Getting to grips with costs
Association of Costs Lawyers chair Jack Ridgway outlines the changes on the horizon for legal costs and why CILEX practitioners should be prepared
Costs are as important to the modern Chartered Legal Executive as they are to any of the other regulated legal professions and take up an increasing amount of judicial time – in particular that of district judges in the county court.
In a world where the legal landscape is ever-changing, the role that legal costs play can lag behind, which sometimes means that the real change comes after it appears the dust has settled.
While the changes on the horizon are innumerable, it seems to me that there are three key events, or possible events, that could have the biggest impact on practitioners, namely:
Fixed recoverable costs
The purpose of FRC is simple and has been mooted since the reforms led by Lord Woolf in the 1990s: to provide consumers with a predictable cost for legal services.
Fixed fees will be well known to those who practice in criminal law or deputyships and FRC have existed in some form in civil claims since 2005, with the introduction of fixed success fees in certain types of litigation. Since 2014, we have also seen FRC in most personal injury claims valued at less than £25,000, with the notable exceptions of clinical negligence, mesothelioma and historic sexual abuse.
“The extension of FRC to types of work which have never been subject to them before is likely to cause significant disruption to the market”
The significant changes anticipated next year are twofold, with FRC applying to most types of contentious litigation where they are valued at up to £100,000. Outside of the main FRC proposals, steps are also being taken to agree FRC for clinical negligence claims and mesothelioma claims.
The main FRC proposals should be implemented in April 2023, but this date has been pushed back several times and so a further reprieve is not beyond the realms of possibility.
The extension of FRC to types of work which have never been subject to them before is likely to cause significant disruption to the market; everything from contentious probate to boundary disputes will become subject to fixed fees. Setting the upper limit at £100,000 will cause further upheaval, with some areas seeing consolidation to ensure that there is sufficient volume to maintain profits, while other areas will use technology to streamline processes.
While these changes represent risks, they also represent opportunity. CILEX practices are younger than many of their competitors, meaning they are likely to be built around technology and more modern working practices.
Areas which may be subject to fixed recoverable costs or fixed percentage fees in the future, are conveyancing, leasehold and non-contentious probate.
Future digitisation
HM Courts & Tribunals Service (HMCTS) has embarked on one online initiative or another since the invention of email. However, the pandemic has seen certain elements – such as virtual hearings and electronic bundles – become normalised; Court of Appeal hearings and Supreme Court judgments can now be found on YouTube.
Alongside these more general changes, HMCTS has, over the past several years, introduced the Common Platform in criminal cases and CE-filing in the High Court.

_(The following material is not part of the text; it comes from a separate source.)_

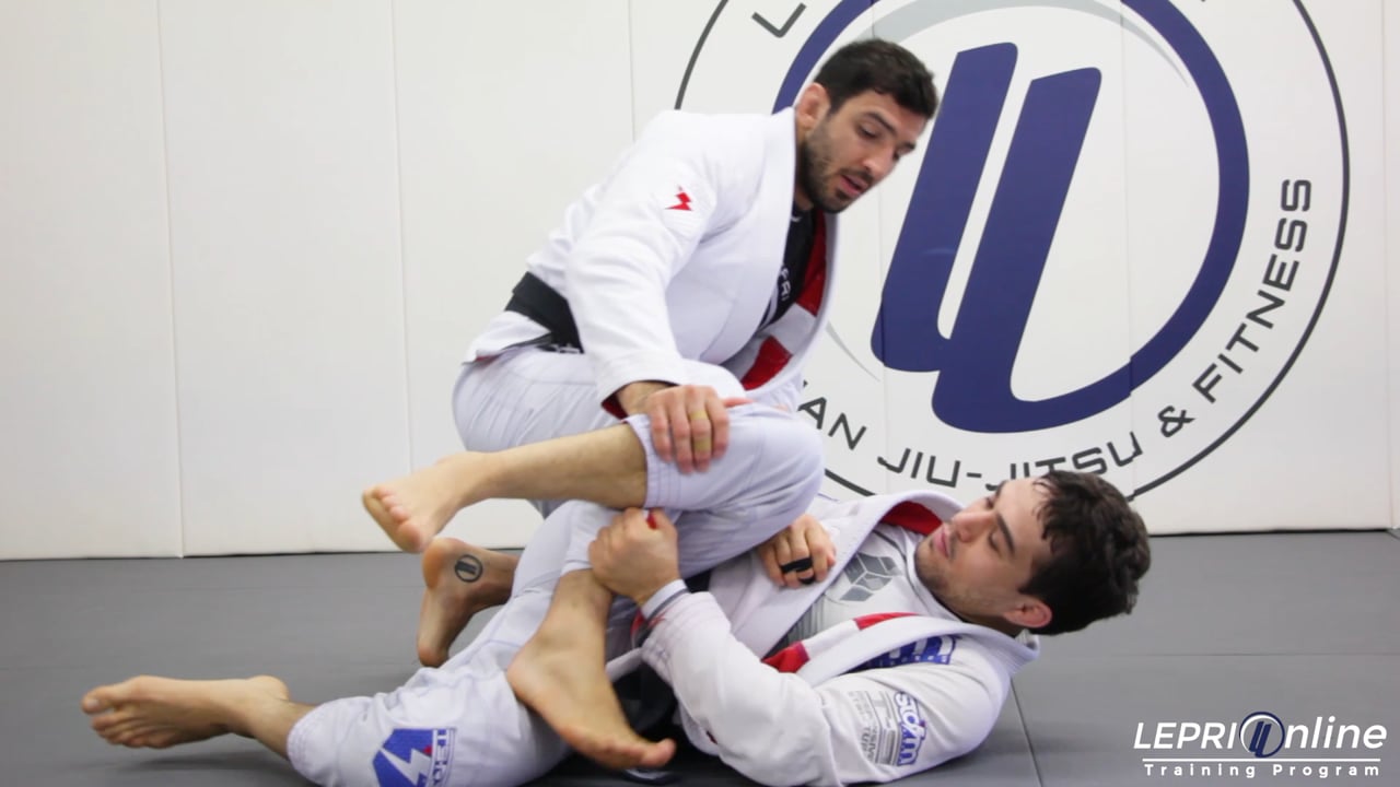Professor Lucas Lepri demonstrates what to do when the opponent holds the pant leg to prevent Lucas from executing the escape shown in the previous technique. As in the previous technique, Lucas first pushes on the opponent’s lower leg to escape his knee. In this situation, the opponent prevents Lucas from completing the escape by keeping his grips on the pant leg, keeping Lucas’ foot trapped. Lucas puts his weight forward, putting his foot on the ground across the opponent’s body. He pushes the opponent’s knee down and uses his other hand to establish a same-side collar grip. Lucas uses his elbow and knee to put pressure on the opponent, keeping the opponent’s knee down. Lucas then grabs the opponent’s back as he drops his knee on the floor and clubs the head. From here Lucas can complete the transition to side control.

It now seems likely that some form of online platform for the county court will be implemented. However, whether the vision of a fully digital court system outlined by the Master of the Rolls, Sir Geoffrey Vos, and others, will be born from this, or a system built from the ground up for the digital age, remains to be seen. In either eventuality, those practitioners who invest in technology will be best placed to serve their clients.
The Solicitors Act
The Solicitors Act 1974 is a dated piece of legislation, being only 11 years younger than the Chartered Institute of Legal Executives itself. CILEX practitioners will likely wonder why such a piece of legislation may be of relevance to them.
The legislation gives significant powers and protections to the Solicitors Regulatory Authority and solicitors generally. The Act is why solicitors have not had to seek Chartered status like legal executives, patent attorneys or trade mark attorneys. Reform of the Act in this regard, while possibly welcome, is unlikely to have a significant impact on practitioners.
Where reform will be relevant is in the distinction between contentious and non-contentious business, as well as solicitor/client assessments.
In broad terms, all matters – including disputes – are treated as non-contentious work until proceedings are issued, upon which they become contentious matters. Obviously, a lot of work can go into a case before proceedings are issued but FRC are currently only applicable once they are. However, there is a growing call for the distinction to be removed. Practitioners could see the law of unintended consequences in play, with FRC applying to an even wider number of cases and types of work than envisaged when the fees were set.
Any reform of the Act is also likely to result in changes to solicitor/client assessments, where a client challenges their legal fees, which will affect the basis on which all law firms, including CILEX practices, can raise invoices to their client.
Overall, the picture continues to shift, with short, medium, and long-term changes to the legal costs landscape which will affect practitioners. However, the pace of change ensures that those who prepare will fare well.